No processo falimentar, é peculiar a distinção e ordem de pagamento dos créditos. Os credores são divididos em categorias. Ex.: crédito trabalhista é o primeiro da categoria.

Art. 2o da Lei Falimentar

Atos de falência – Os atos de falência tipificam condutas que, em geral, são as de empresários em insolvência econômica. Não se exige, contudo, para a decretação da falência, a demonstração do estado patrimonial de insolvência. É suficiente a prova de que o devedor incorreu na conduta titpificada.

As hipóteses deste art. 2o Independem do vencimento!!!

Independem também, por óbvio, do protesto do título!!!

 São Atos da Falência:

a) Execução frustrada – A sociedade empresária devedora que, executada, não paga, não deposita, nem nomeia bens à penhora no prazo legal pratica ato de falência. Trata-se da hipótese mais usual de pedido de falência, tirante os fundados na impontualidade;

b) Liquidação precipitada – Incorre nesta hipótese legal a sociedade empresária que liquida seu negócio de forma abrupta, isto é, vende os bens do ativo não circulante indispensáveis à exploração da atividade (mobiliários, máquinas, veículos, etc.), sem reposição, deixando de observar as regras atinentes à dissolução.
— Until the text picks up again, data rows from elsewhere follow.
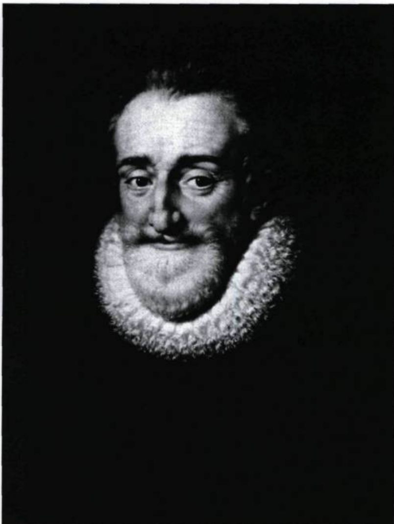
Le 8 novembre 1603, Henri IV, roi de France et de Navarre accorde une commission de lieutenant général à Pierre Du Gua de Mons. ( Mémorial du Québec , tome I, p. 148).

La maison de Du Gua fut la première résidence d'un gouverneur ou gouverneur général au Canada. Celle-ci arborait les armoiries du roi de France. Construite comme les maisons de son époque, sa partie supérieure ressemblait étrangement à celle du Gros-Horloge de Rouen, édifié au cours des années 1527 à 1529. Parmi les autres bâtiments, on retrouvait le logement des charpentiers, des suisses, du curé, des gentils-hommes, une forge, un puits, une cuisine, une boulangerie et une salle publique. Il y avait en tout une vingtaine de bâtiments.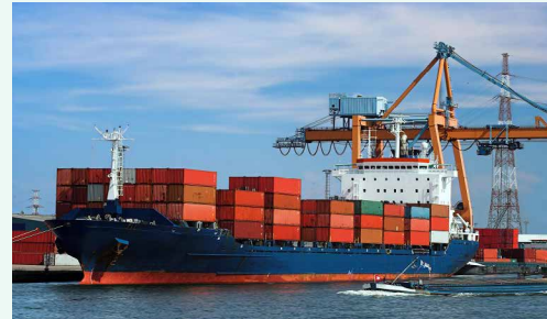
عضو هیات نمایندگان اتاق بازرگانی تهران در آستانه «روز ملی صادرات» عنوان کرد

او با بیان اینکه موضوع عدم ثبات در قوانین است، یکی دیگر از چالش‌های صادرات در ایران است، افزود: به دلیل مشکلاتی که در اقتصاد ما پیش آمده است، نتوانستیم یک چهره حرفه‌ای صادراتی را در سطح جهان به نمایش بگذاریم. یکی از این مشکلات نبود ثبات در مقررات است. تصور کنید در مواردی، صادرکنندگان توانسته‌اند بازاری را در رقابت با رقبای خود تصاحب کنند اما زمانی که خواستند این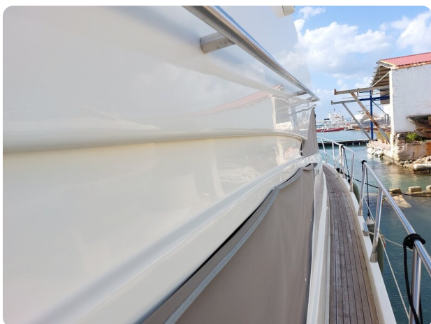
Rodman Yacht 64 Belisa, passaggio laterale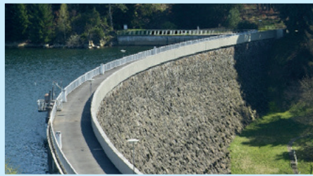
Die gekrümmte Gewichtsstaumauer der Talsperre Saldenbach ist begehbar.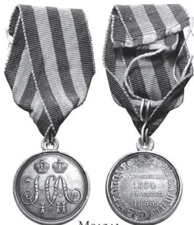
Медаль «За защиту Севастополя»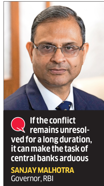
If the conflict remains unresolved for a long duration, it can make the task of central banks arduous SANJAY MALHOTRA Governor, RBI

The attack on Iran started on February 28 following which the West Asian nation stopped the Strait of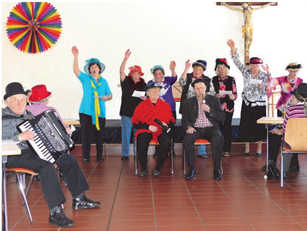
Das Lied vom Paprika

Ein Höhepunkt ganz anderer Art war der Krankengottesdienst in St. Benedikt, der in dieser Form nun schon fast seit dreißig Jahren stattfindet und zu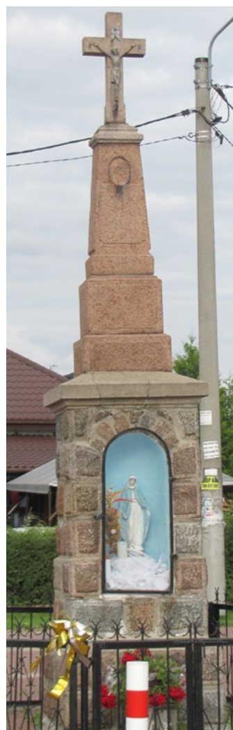
Lokalizacja: Dąbrówka, ul. Kościelna; Czas powstania: ok. początek XX w.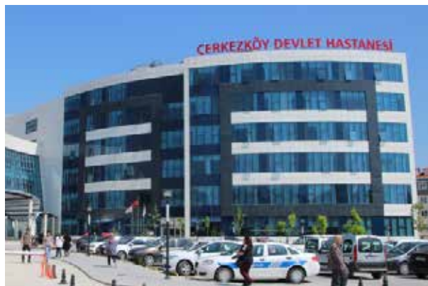
Черкезкёйская государственная больница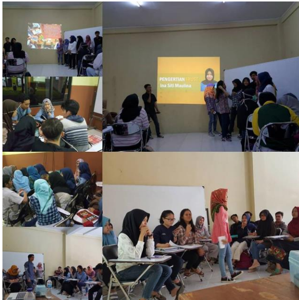
Gambar : Training Trust Building

Bekerjasama adalah keniscayaan dalam kehidupan manusia untuk mencapai kebesaran. Fitrah dasar manusia sebagai makhluk sosial ditambah dengan adanya kebutuhan untuk meningkatkan kualitas dan kuantitas kinerja menjadi alasan utama dalam peningkatan proses kerjasama membentuk Tim yang solid. Hasilnya adalah kolaborasi dan loyalitas kerjasama yang bisa mendorong kepada perbaikan kinerja secara keseluruhan.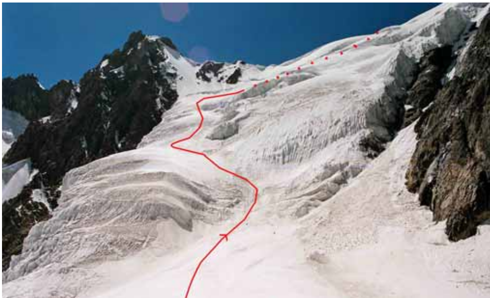
Фото № 36. Перевал Землепроходцев (2Б,5180) с ледника Скачкова.

c) Convocação de credores – A hipótese cuida da chamada concordata extrajudicial, ou seja, a formulação pela sociedade empresária de proposta dirigida aos credores em geral, no sentido de lhe concederem dilação do prazo de pagamento ou remissão parcial do valor das dívidas.

d) Negócio simulado – Se a sociedade empresária retardar pagamentos ou fraudar credores por meio de negócio simulado, ou, ainda, alienar, parcialmente ou totalmente, elementos do seu ativo não circulante, está incorrendo em comportamento definido como ato de falência.

e) Alienação irregular de estabelecimento – A sociedade empresarial que vende o seu estabelecimento sem o consentimento dos credores, salvo se conservar, no patrimônio bens suficientes para responder pelo passivo, está exposta à decretação da quebra, por ter incorrido em conduta característica de ato de falência.

f) Garantia real – Para a caracterização desta hipótese de ato de falência, a instituição de garantia real (hipoteca, penhor, caução de títulos, etc.) pela sociedade empresária em favor de um de seus credores deve operar-se posteriormente à constituição do crédito.

g) Abandono do estabelecimento empresarial – O abandono do estabelecimento empresarial por parte do representante legal da sociedade devedora importa caracterização de ato de falência.